Question

A common test for tuberculosis (TB) is a skin test, where protein is injected into a person’s arm and the person tests positive for TB if a rash develops. The probability of the person testing negative when they have TB is 1% (false negative). In some cases, a rash can develop even if the person does not have TB (false positive). Assume the probability of a false positive is 5%. Only 4 in 10,000 people have TB.

(a) Let T + mean “tests positive”, T − mean “tests negative”, and D mean “has the disease TB”. Use proper probabilistic notation to write three probabilities that are directly given in the information above.

(b) Draw a tree diagram (based upon the conditional information that is given) to show all possibilities. Fill in all probabilities along the tree.

(c) What is the probability that a randomly selected person will test positive for TB? Show all work, and use proper notation. You may leave your answer numerically unsimplified.

(d) What is the probability that a randomly selected person who tests positive actually has TB? Show all work, and use proper notation. You may leave your answer numerically unsimplified.

Answer 1

(a)

Denote Dꞌ as the complement of the event D, that is, Dꞌ denotes “does not have the disease TB”.

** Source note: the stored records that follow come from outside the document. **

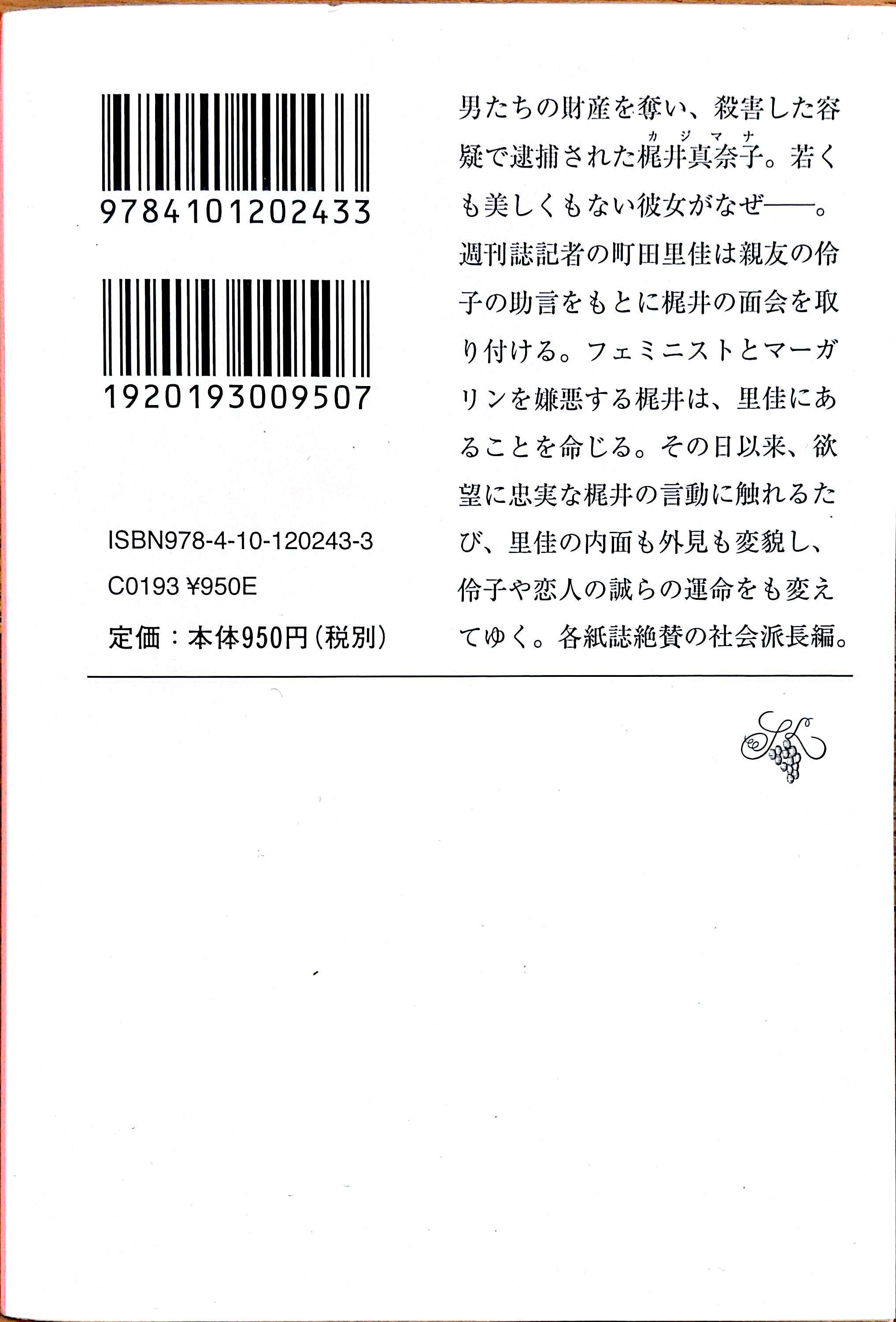 男たちの財産を奪い、殺害した容疑で逮捕された梶井真奈子。若くも美しくもない彼女がなぜー。週刊誌記者の町田里佳は親友の伶子の助言をもとに梶井の面会を取り付ける。フェミニストとマーガリンを嫌悪する梶井は、里佳にあることを命じる。その日以来、欲望に忠実な梶井の言動に触れるたび、里佳の内面も外見も変貌し、伶子や恋人の誠らの運命をも変えてゆく各紙誌絶賛の社会派長編。
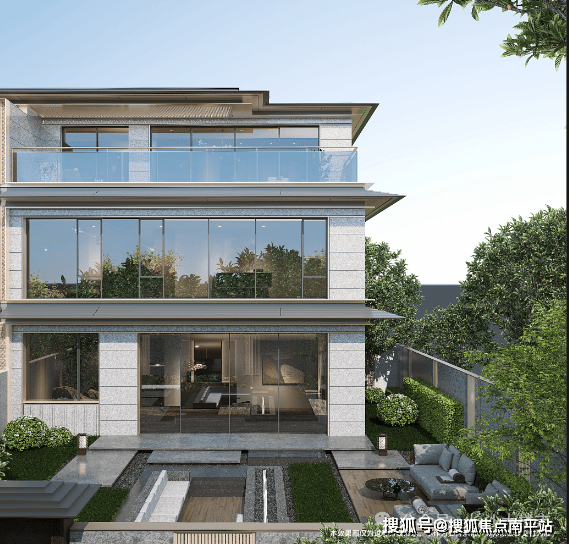 别墅区建筑不仅选用大面积干挂石材与玻璃铝板结合的立面,还设计了“重檐”元素的东方气质,“线框造型” 强化别墅横向线条的大气磅礴之势。
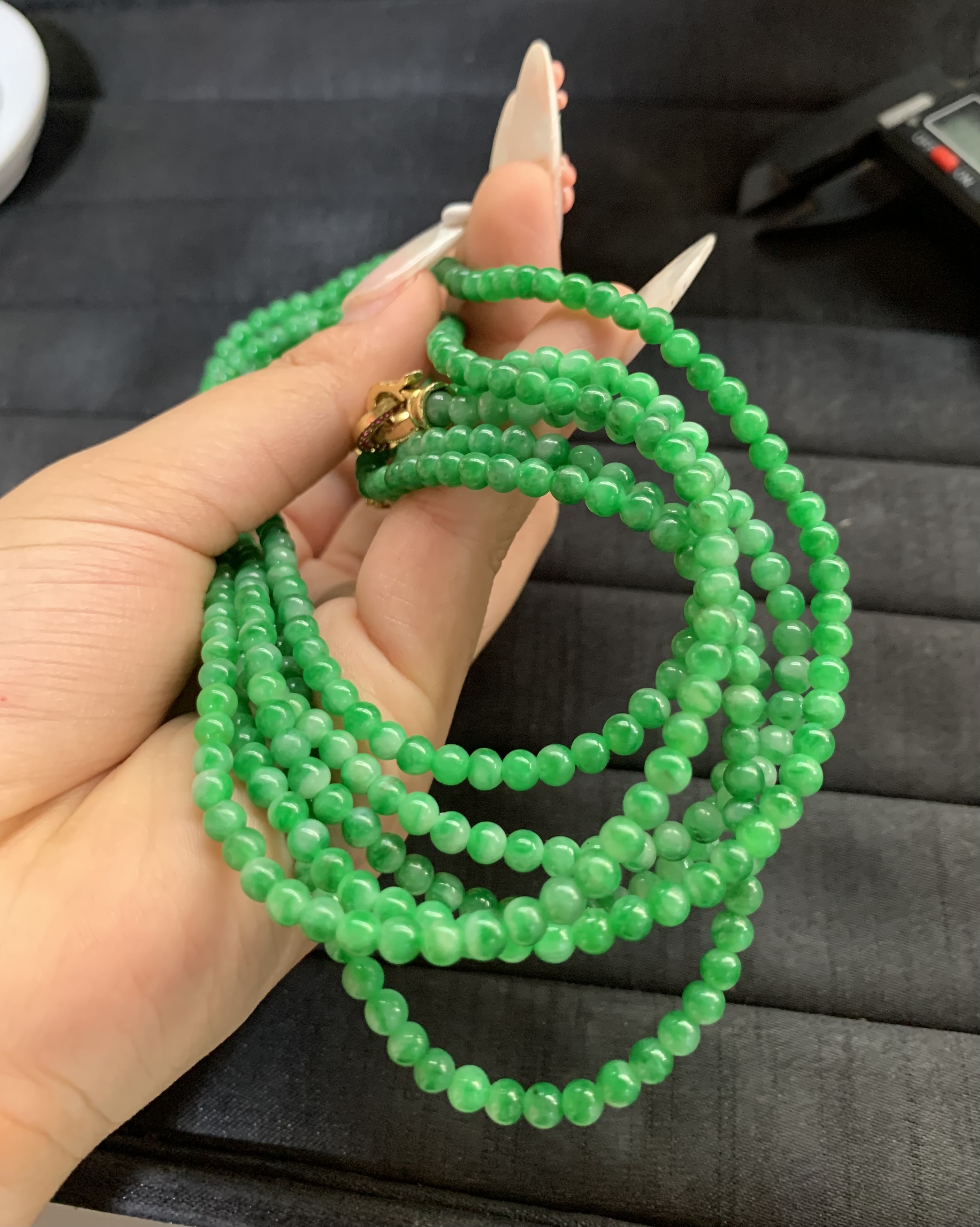 This eye-catching necklace features multiple strands of small, round, vibrant green jade beads that create a lush, layered look. It is adorned with ornate gold-toned accents, including a decorative clasp with intricate detailing and subtle colorful inlays, which add a touch of opulence and sophistication. The design combines the natural beauty of jade with elegant metalwork, making it a striking accessory suitable for both casual and formal wear, and a perfect choice for those who appreciate bold, timeless jewelry
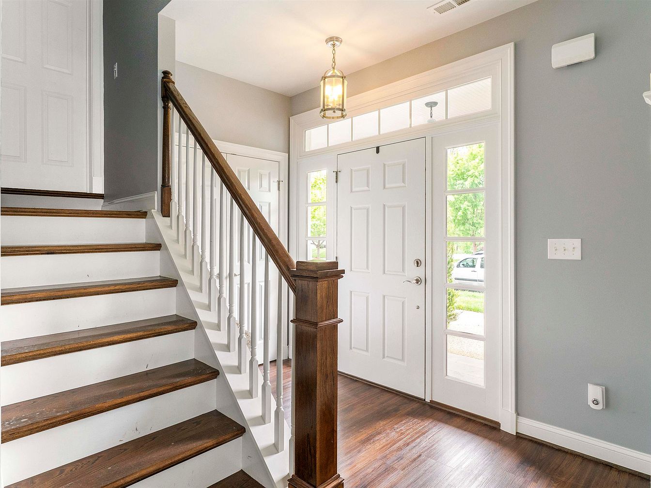 This welcoming entryway features a bright white front door with sidelights and a transom window, flooding the space with natural light. Soft gray walls create a calm backdrop that complements the rich, dark hardwood flooring. The staircase to the left showcases wooden steps with white risers and crisp white spindles, topped by a polished dark wood handrail and newel post, adding warmth and classic charm. A brass pendant light fixture hangs overhead, enhancing the inviting ambiance while blending traditional and modern elements in a seamless design.
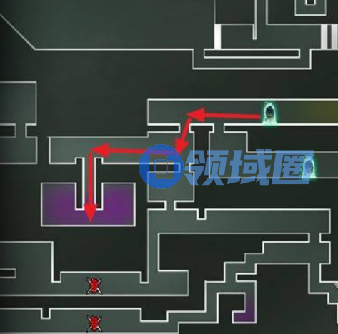 传送至石碑【西实验室】,沿红色箭头前往紫色房间。
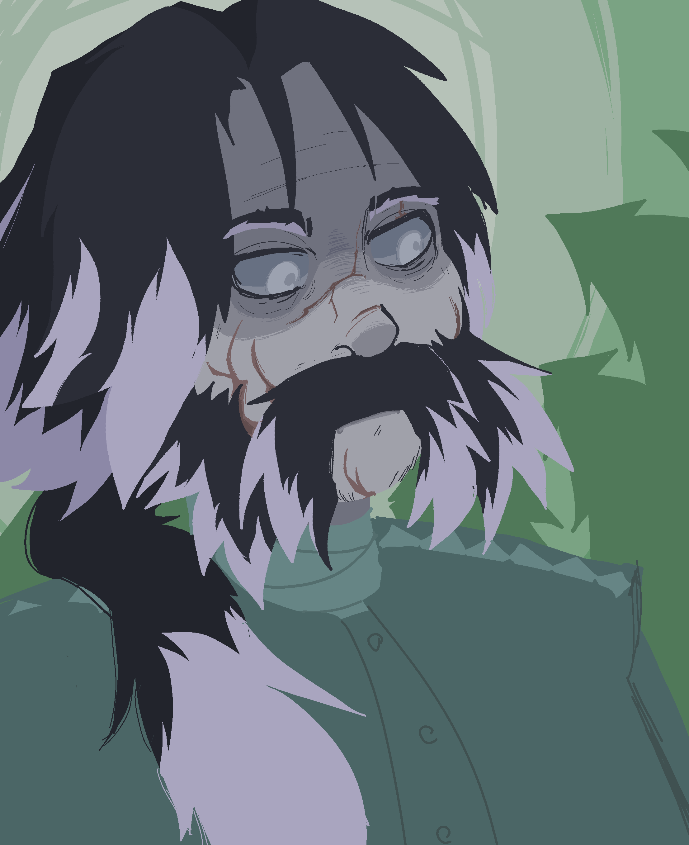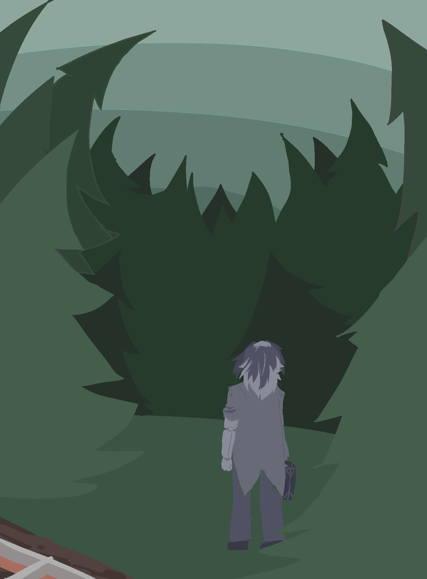 Tramping through the woods, up the hill, through the trees. You would've picked up a sweat, if you were able to do that anymore. Your metallic skin brushes dryly against your clothing. Your mismatched arms push apart bushery and foliage.
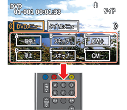 画面下部の項目は、左上のアルファベットに対応した後席リモコンのA〜Fを押します。
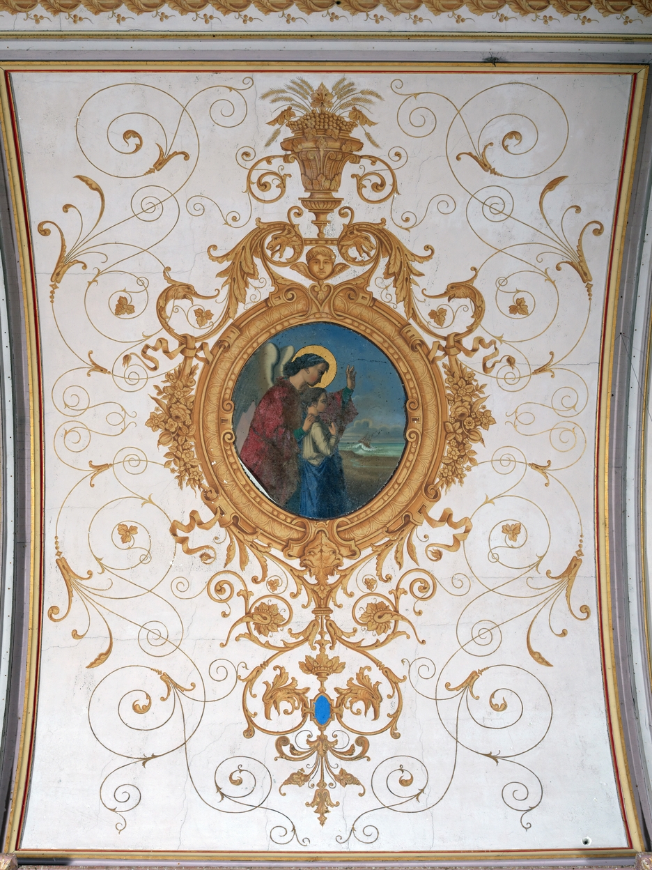 Nef des fidèles. Voûte. Détail d'un médaillon : l'Ange Raphaël protecteur de Tobie, daté 1871, signé J.HERLIDOImmatriculation

The three given probabilities are as follows:

P (D) = 0.0004 (= 4/10,000).

P (Dꞌ) = 0.9996 (= 1 – 0.0004).

P (T+ | Dꞌ) = 0.05.

P (T– | D) = 0.01.

(b)

Conditional probability:

For any 2 events A and B, the probability of the occurrence of A when B has already occurred, is the conditional probability: P (A | B) = P (A ⋂ B) / P (B). As a result, the intersection probability can be written as: P (A ⋂ B) = P (B) ∙ P (A | B).

Further recall that, P (A | B) + P (A | Bꞌ) = 1.

Using the above relationships and the given probabilities, the following can be obtained:

P (T– | Dꞌ) = 0.95 (= 1 – 0.05).

P (T+ | D) = 0.99 (= 1 – 0.01).

P (T+ ⋂ D) = 0.000396 (= 0.99 * 0.0004).

P (T– ⋂ D) = 0.000004 (= 0.01 * 0.0004).

P (T+ ⋂ Dꞌ) = 0.04998 (= 0.05 * 0.9996).

P (T– ⋂ Dꞌ) = 0.94962 (= 0.95 * 0.9996).

The tree diagram is drawn given below. Note that, the probabilities calculated by us (except that of Dꞌ) are written inside the oval areas.

(c)

The probability that a randomly selected person will test positive is as follows:

P (T+) = P (T+ ⋂ D) + P (T– ⋂ D)

= 0.000396 + 0.04998

= 0.050376.

The required probability is 0.050376.

(d)

The probability that a randomly selected person who tests positive actually has TB is as follows:

P (D | T+) = P (T+ ⋂ D)/P (T+)

= 0.000396/0.050376

= 0.007861.

The required probability is 0.007861.